Hi all. I've been getting silver by the bucket load from a local person. Usually 300-500ozt at a time - once a month, if not twice. There are 2 forms and I cannot figure out where it might have come from. 

One form is a fine powder and is almost 99% pure. It melts soooo nicely 
The other form is very hard and in chunks. It almost looks as though it was processed on a griddle. It is usually about 88-92% pure and contains high nickel (usually 7-10%) and some chrome.

Any ideas what this might be? I have processed film silver before and this is definitely different material.


----------



## achab86 (Sep 13, 2015)

Here are the bars for the second material with the pile of nickel on the side. It's a real P.I.T.A. to melt.


----------



## necromancer (Sep 13, 2015)

so your looking to cut out the middle man ?

i hope they are a member here, see your post & sell their silver to someone else !!

with a total members count of 33,569 you just never know.


----------



## achab86 (Sep 13, 2015)

Oh geez. I hadn't even considered that it sounded like that. Just trying to figure out what it might have come from. 

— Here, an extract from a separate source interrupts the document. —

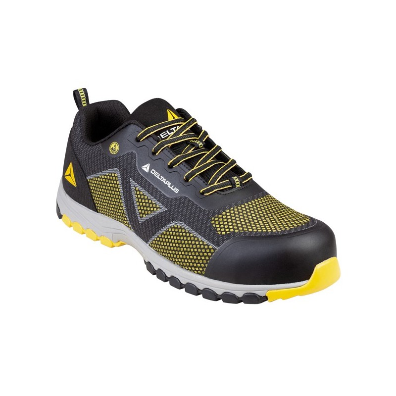 Calzatura di sicurezza con tomaia : PU iniettato mesh. Fodera : poliestere. Soletta di pulizia : Staccabile preformata - In poliestere su EVA. Suola : Saldata - Phylon. Strato d’usura : Caucciù nitrile. Scarpa Amagnetica. Colore nero e giallo. Buona resistenza all'abrasione e al calore di contatto (HRO = 300°C per 1 minuto)

A little background: the guy I'm getting it from is cleaning out a family member's estate. They found buckets of it in the basement and weren't even sure it was silver until we tested it. IIRC, the family was in some way involved in the chemical business. 

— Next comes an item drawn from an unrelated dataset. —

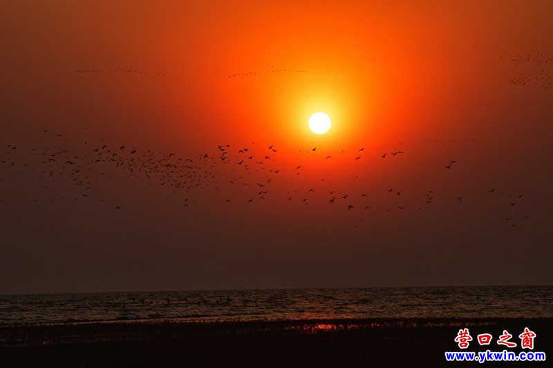 夕陽(yáng)半落望西汀,濕地奇觀鳥(niǎo)浪騰,

On 2 occasions he brought a bottle of an orange liquid that they found, which was almost completely saturated with gold. 

If it seems like I'm trying to be shady/pull a fast one, I apologize and can delete the post. I don't want to tarnish the awesome reputation of this forum and those that make it so awesome.


----------



## necromancer (Sep 13, 2015)

that's good you cleared that up, did (at first) sound shady.

it could have came from anywhere !!


----------



## achab86 (Sep 13, 2015)

Phew! Last thing I want is to be "that" guy. 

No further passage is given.